Pemerintah mulai membuka wacana perubahan besar dalam sistem haji Indonesia, termasuk kemungkinan kembali ke mekanisme lama sebelum adanya Badan Pengelola Keuangan Haji (BPKH).
Langkah ini mencuat seiring panjangnya antrean haji yang kini mencapai hingga 26 tahun, sehingga dinilai perlu solusi baru yang lebih efektif.
Pemerintah Kaji Skema Baru Atasi Antrean Panjang
Menteri Haji dan Umrah, Mochamad Irfan Yusuf atau Gus Irfan, mengungkapkan bahwa pemerintah tengah mengkaji berbagai opsi untuk mengatasi persoalan antrean panjang tersebut.

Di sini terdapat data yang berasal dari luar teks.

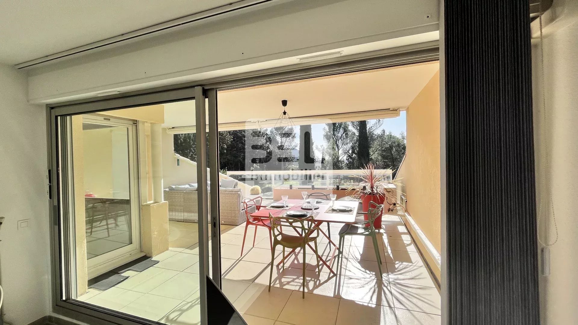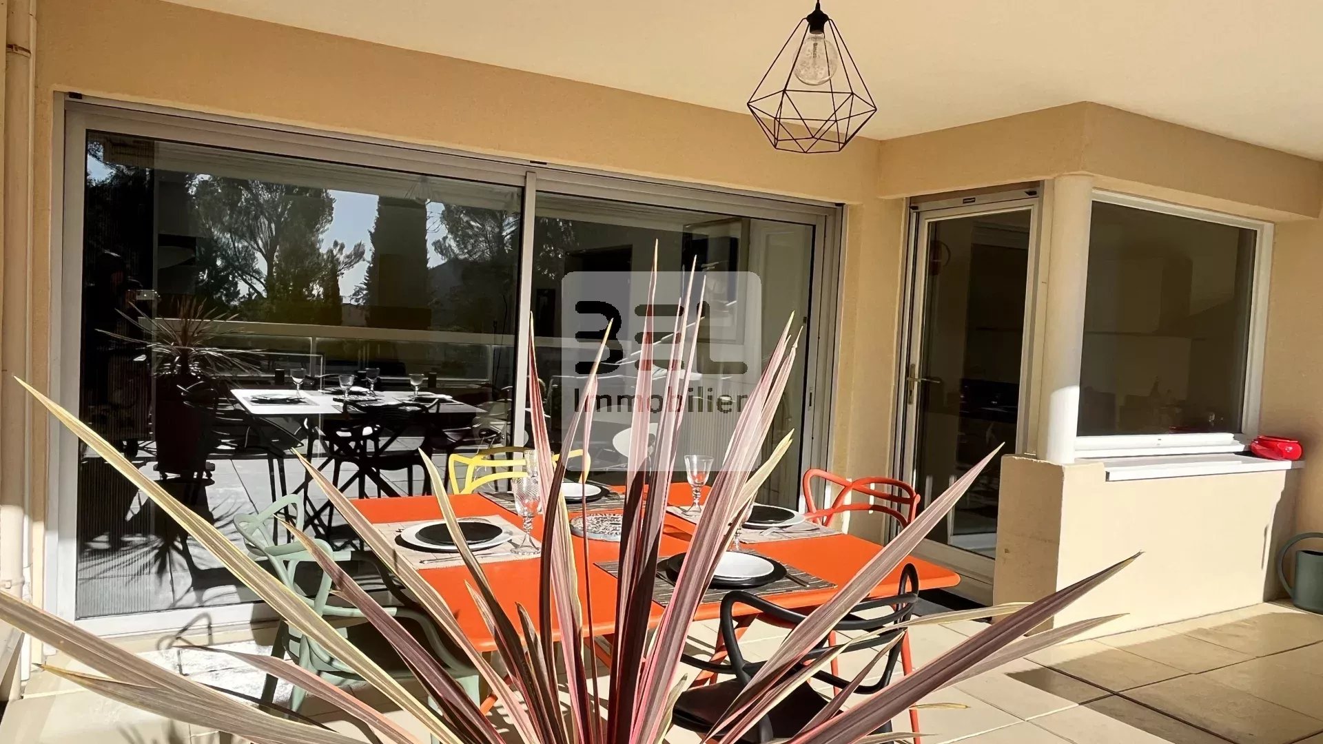 Exposé plein sud, la très grande terrasse sans vis à vis avec vue panoramique sur le parc de la résidence, sera le point central de cet appartement.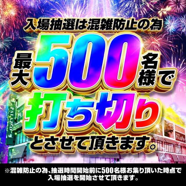 混雑防止の為、500名様お集まり頂いた時点で入場抽選を開始させていただきます。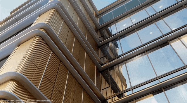 陶板的表面上,多了一层高温煅烧成金色釉面的材质,能够防污且不易褪色和变形。除陶板这一立面界的“爱马仕”,项目还创新采用了苹果旗舰店“无立柱玻璃幕墙”的全新工艺,打造“冰川瀑布屏”270°环幕,宁波超高层地标和东部新城核心商圈尽收眼底。

Salah satu wacana yang muncul adalah sistem baru yang disebut:
“War Tiket Haji”
“Apakah perlu kita kembali ke sistem sebelum ada BPKH? Dulu insya Allah tidak ada antrean,” ujar Gus Irfan.
Skema “War Tiket”: Dari Antrean ke Rebutan Kuota
Dalam konsep ini, sistem antrean panjang akan diganti dengan mekanisme berbasis kecepatan dan kesiapan calon jemaah.
Cara kerjanya:
- Pemerintah mengumumkan biaya haji dan jadwal pendaftaran
- Pendaftaran dibuka dalam periode tertentu
- Calon jemaah yang siap langsung membayar
- Kuota diberikan berdasarkan siapa yang lebih cepat
Skema ini mirip dengan:
➡️ Pembelian tiket terbatas atau konser (first come, first served)
Evaluasi Sistem Haji Jadi Sorotan
Wacana ini muncul dari diskusi internal Kementerian Haji dan Umrah, termasuk bersama Wakil Menteri, Dahnil Anzar Simanjuntak.
Menurut Gus Irfan, antrean panjang menjadi alasan utama perlunya evaluasi sistem yang ada saat ini.
“Apakah perlu antrean selama itu? Ini yang sedang kami pikirkan,” ujarnya.
Sistem Lama vs Sistem Baru
Sistem Saat Ini:
- Menggunakan antrean panjang
- Masa tunggu bisa puluhan tahun
- Lebih terstruktur, namun lama
Skema “War Tiket”:
- Tanpa antrean panjang
- Berdasarkan kecepatan pendaftaran
- Berpotensi lebih cepat, tapi kompetitif
Masih Sebatas Wacana, Belum Keputusan Final
Meski terdengar revolusioner, pemerintah menegaskan bahwa skema ini masih dalam tahap kajian dan belum menjadi kebijakan resmi.
“Ini bukan hal mudah untuk diputuskan, tapi sebagai wacana sah untuk dipikirkan,” tegas Gus Irfan.
Pemerintah saat ini masih:
- Mengkaji dampak sosial dan ekonomi
- Menilai kesiapan sistem
- Mempertimbangkan keadilan bagi masyarakat
Tantangan Jika Skema Diterapkan
Beberapa hal yang perlu dipertimbangkan:
- Risiko ketimpangan akses (yang cepat dan mampu lebih diuntungkan)
- Kesiapan sistem digital dan teknis
- Potensi lonjakan permintaan secara tiba-tiba
- Perlunya regulasi yang kuat
Kesimpulan
Wacana “war tiket haji” menjadi sinyal bahwa pemerintah serius mencari solusi atas panjangnya antrean haji di Indonesia.
Meski belum final, skema ini membuka diskusi baru tentang bagaimana sistem haji ke depan bisa lebih cepat, adil, dan adaptif terhadap tingginya minat masyarakat.